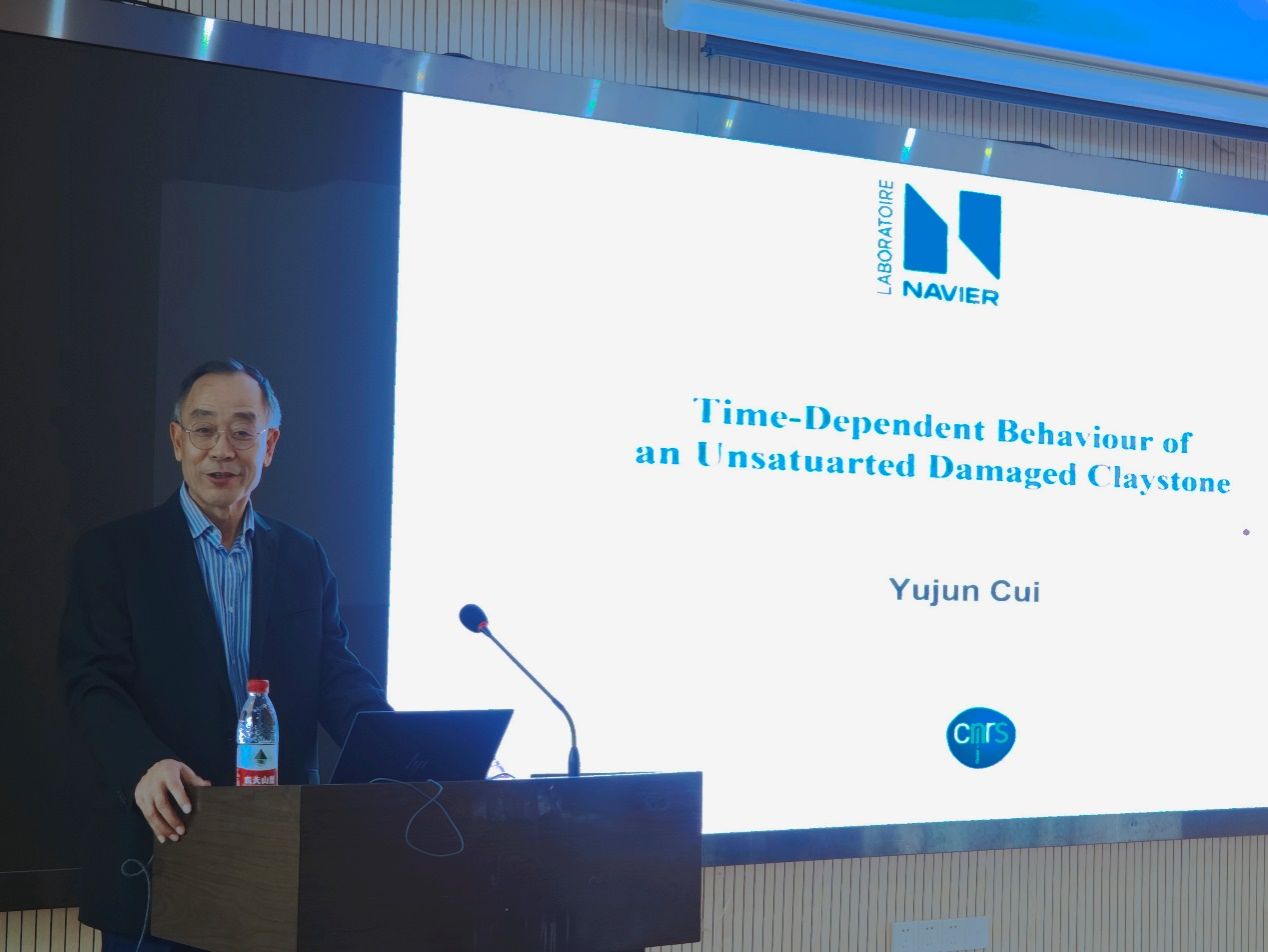 (通讯员 张峰 黄静)2023年10月31日上午,应jdb电子中国官方网站唐辉明教授和张峰特任教授的邀请,法国国立路桥大学Navier实验室岩土中心(CERMES)主任崔玉军教授来校访问,并作了题为“Time-dependent behaviour of unsaturated damaged claystone”的学术报告。唐辉明教授主持了报告会,李长冬教授、周佳庆特任教授、张峰特任教授、崔德山副教授、任兴伟副教授等100余名师生在现场参加了此次报告会。
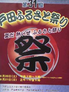 掲示板に貼ってあった戸田市ふるさと祭のポスター。今年は8月30日・31日の日程で開催される。
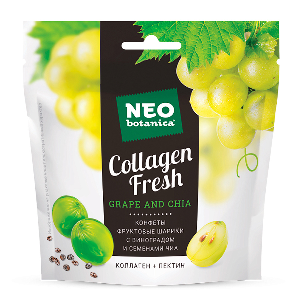 Конфеты неглазированные с желейным корпусом «Фруктовые шарики» Neo-botanica Collagen Fresh с виноградом и семенами чиа, 55гр
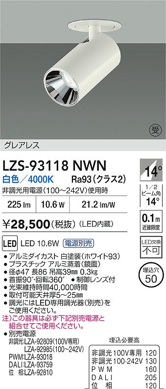 大光電機(DAIKO) LZS-93118NWN スポットライト 電源別売 白色 LED グレアレス ホワイト 受注生産品[§]
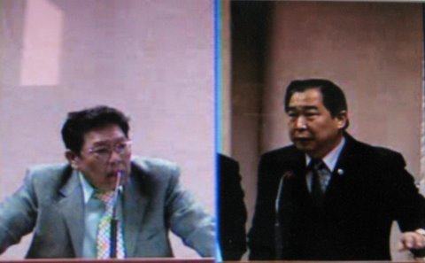 帥化民(左)不滿鐽震案只查洩密,“國防部”軍法司長吳泰然(右)多次無言以對。(中評社圖)
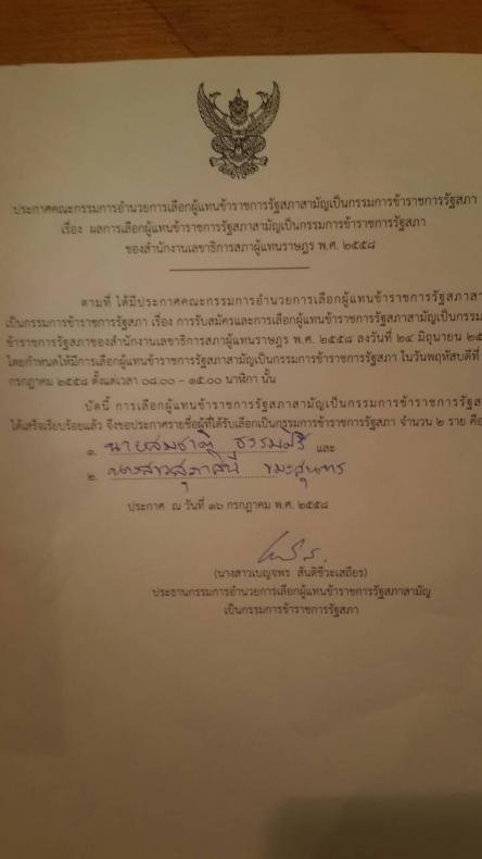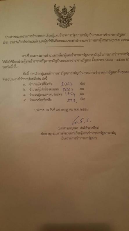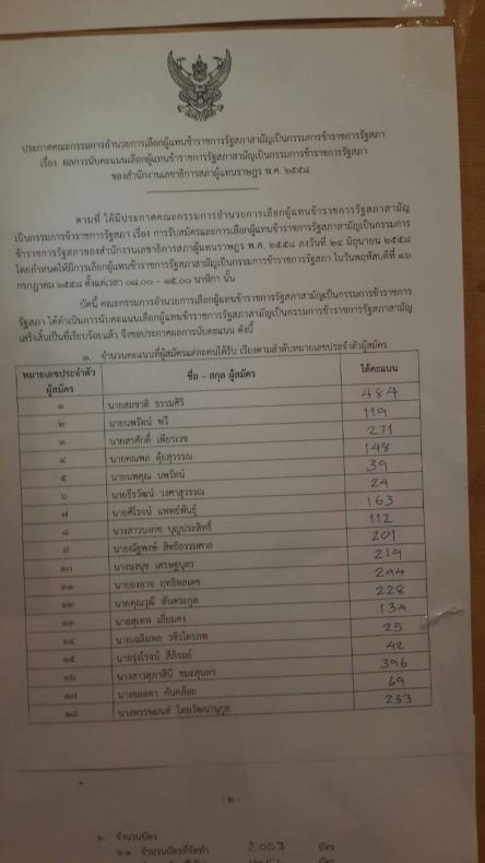 ประกาศผลการเลือกตั้งกรรมการข้าราชการรัฐสภา (ก.ร.)
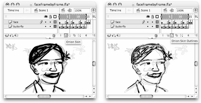The current frame (indicated by the position of the Playhead) is displayed at 100 percent opacity, while the other frames in the sequence are displayed at a slightly reduced opacity or as outlines, depending on the Onion Skin button you have selected.
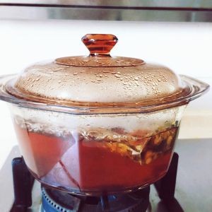 将汤汁滤出后,再加100g红糖,加清水同上述方法一样慢炖出汤汁
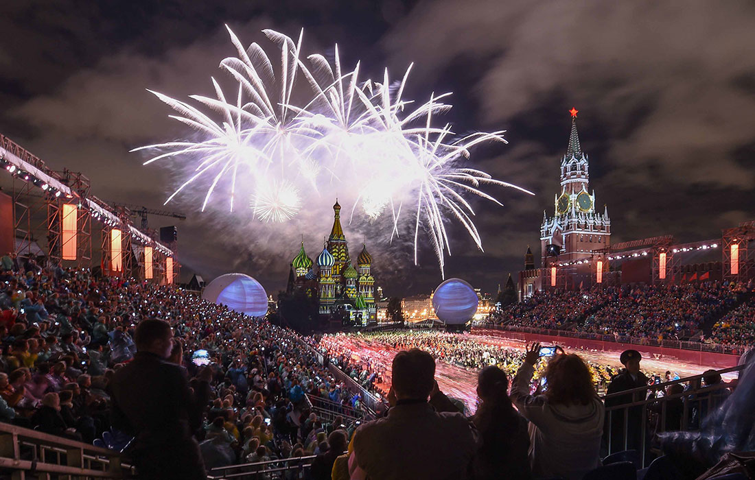 A crowd watches a fireworks display above Saint Basil's Cathedral during the Spasskaya Tower International Military Music Festival in Red Square, Moscow, Russia, on August 26, 2017. Photo: VCG
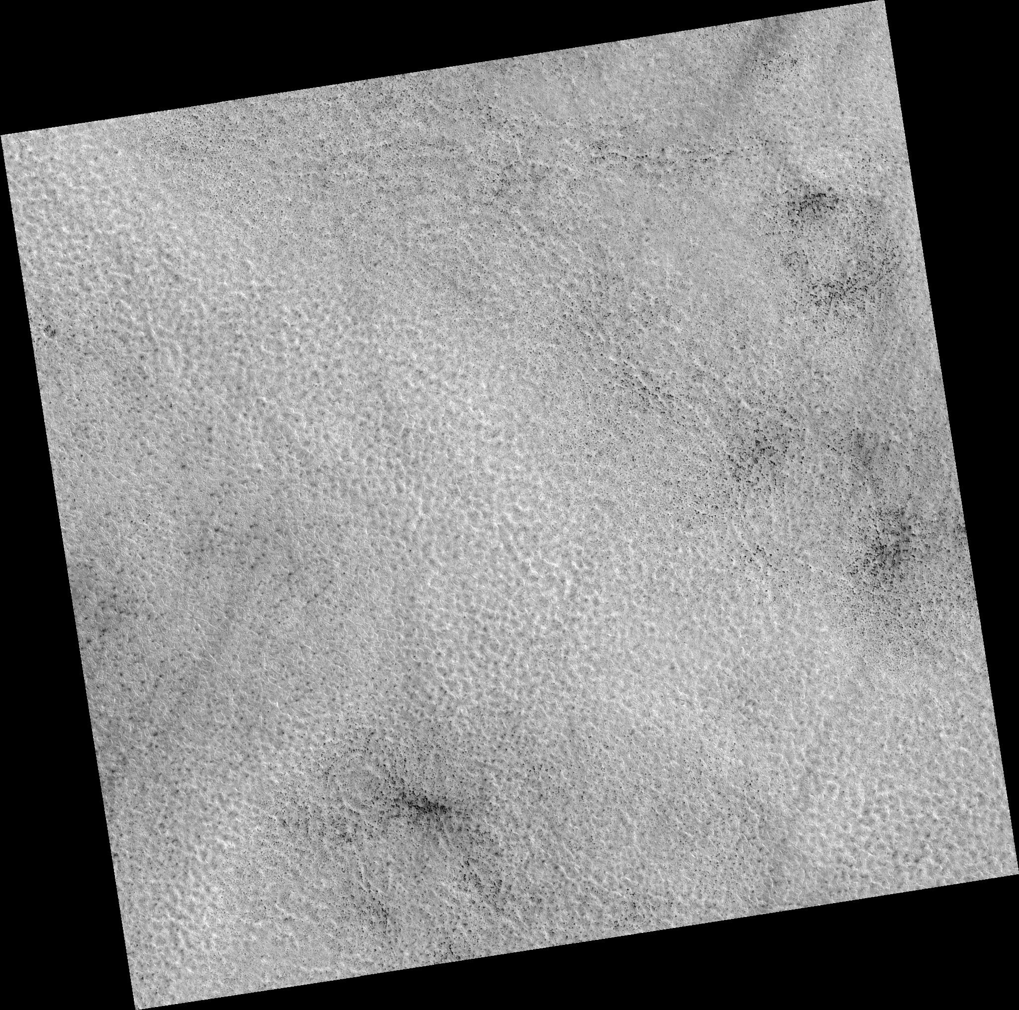 Image PSP_001467_2490 was taken by the High Resolution Imaging Science Experiment (HiRISE) camera onboard the Mars Reconnaissance Orbiter spacecraft on November 18, 2006. The complete image is centered at 68.7 degrees latitude, 337.8 degrees East longitude. The range to the target site was 314.0 km (196.2 miles). At this distance the image scale is 31.4 cm/pixel (with 1 x 1 binning) so objects ~94 cm across are resolved. The image shown here has been map-projected to 25 cm/pixel. The image was taken at a local Mars time of 3:04 PM and the scene is illuminated from the west with a solar incidence angle of 59 degrees, thus the sun was about 31 degrees above the horizon. At a solar longitude of 137.4 degrees, the season on Mars is Northern Summer.
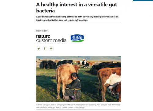 核心提示:近日,全球頂級科研期刊《Nature》發表題為《A healthy interest in a versatile gut bacteria》的文章,刊登了君樂寶乳業集團在益生菌領域的最新研究成果。近日,全球頂級科研期刊《Nature》發表題為《A healthy interest in a versatile gut bacteria》的文章,刊登了君樂寶乳業集團在益生菌領域的最新研究成果。該成果充分展現了君樂寶在功能性菌株科研領域實現的重大突破,彰顯君樂寶獲得國際學術界的廣泛認可,為其持續推進科研創新、深化產學研融合再添有力注腳。
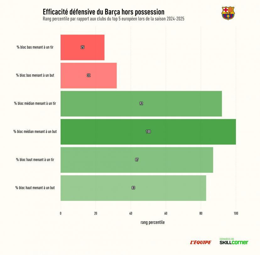 根據SkillCorner的數據,在高位防守導致的丟球方面,巴塞羅那的表現優於歐洲五大聯賽中83%的球隊。
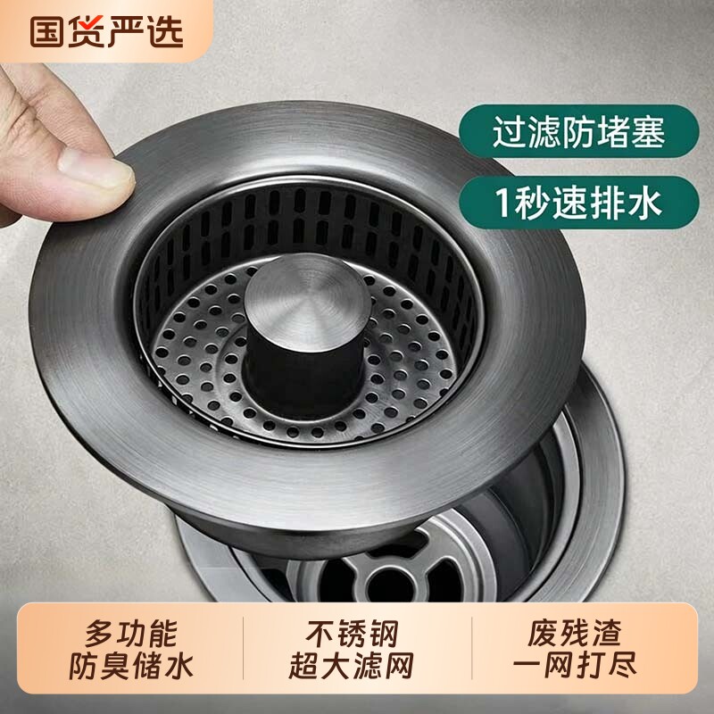 不锈钢厨房水槽过滤网洗碗池漏水塞洗菜盆通用款水槽弹跳芯下水器
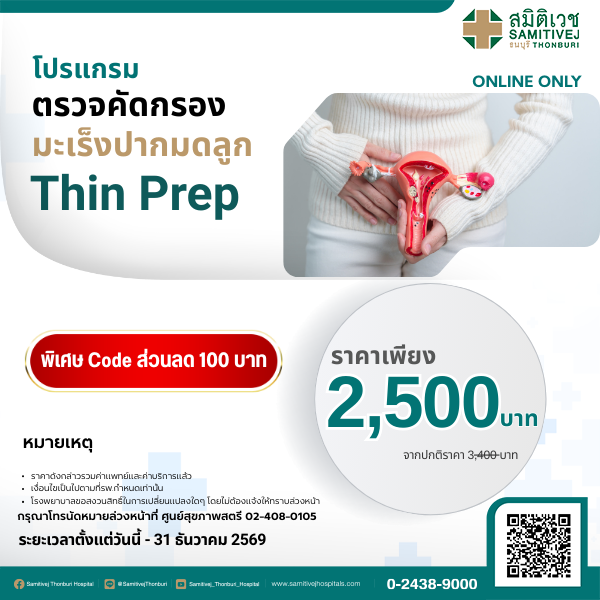 โปรแกรมตรวจคัดกรองมะเร็งปากมดลูก Thin prep (ราคา 2,500 บาท)

=-=-=-=-=

▶ Exercise requirements
Give again, word for word, every line from the top of the data through the line with "ประกาศผลการเลื", both ends included, and exclude the pictures.

▶ Answer for this exercise
 (通讯员 张峰 黄静)2023年10月31日上午,应jdb电子中国官方网站唐辉明教授和张峰特任教授的邀请,法国国立路桥大学Navier实验室岩土中心(CERMES)主任崔玉军教授来校访问,并作了题为“Time-dependent behaviour of unsaturated damaged claystone”的学术报告。唐辉明教授主持了报告会,李长冬教授、周佳庆特任教授、张峰特任教授、崔德山副教授、任兴伟副教授等100余名师生在现场参加了此次报告会。
 掲示板に貼ってあった戸田市ふるさと祭のポスター。今年は8月30日・31日の日程で開催される。
 Конфеты неглазированные с желейным корпусом «Фруктовые шарики» Neo-botanica Collagen Fresh с виноградом и семенами чиа, 55гр
 大光電機(DAIKO) LZS-93118NWN スポットライト 電源別売 白色 LED グレアレス ホワイト 受注生産品[§]
 帥化民(左)不滿鐽震案只查洩密,“國防部”軍法司長吳泰然(右)多次無言以對。(中評社圖)
 ประกาศผลการเลือกตั้งกรรมการข้าราชการรัฐสภา (ก.ร.)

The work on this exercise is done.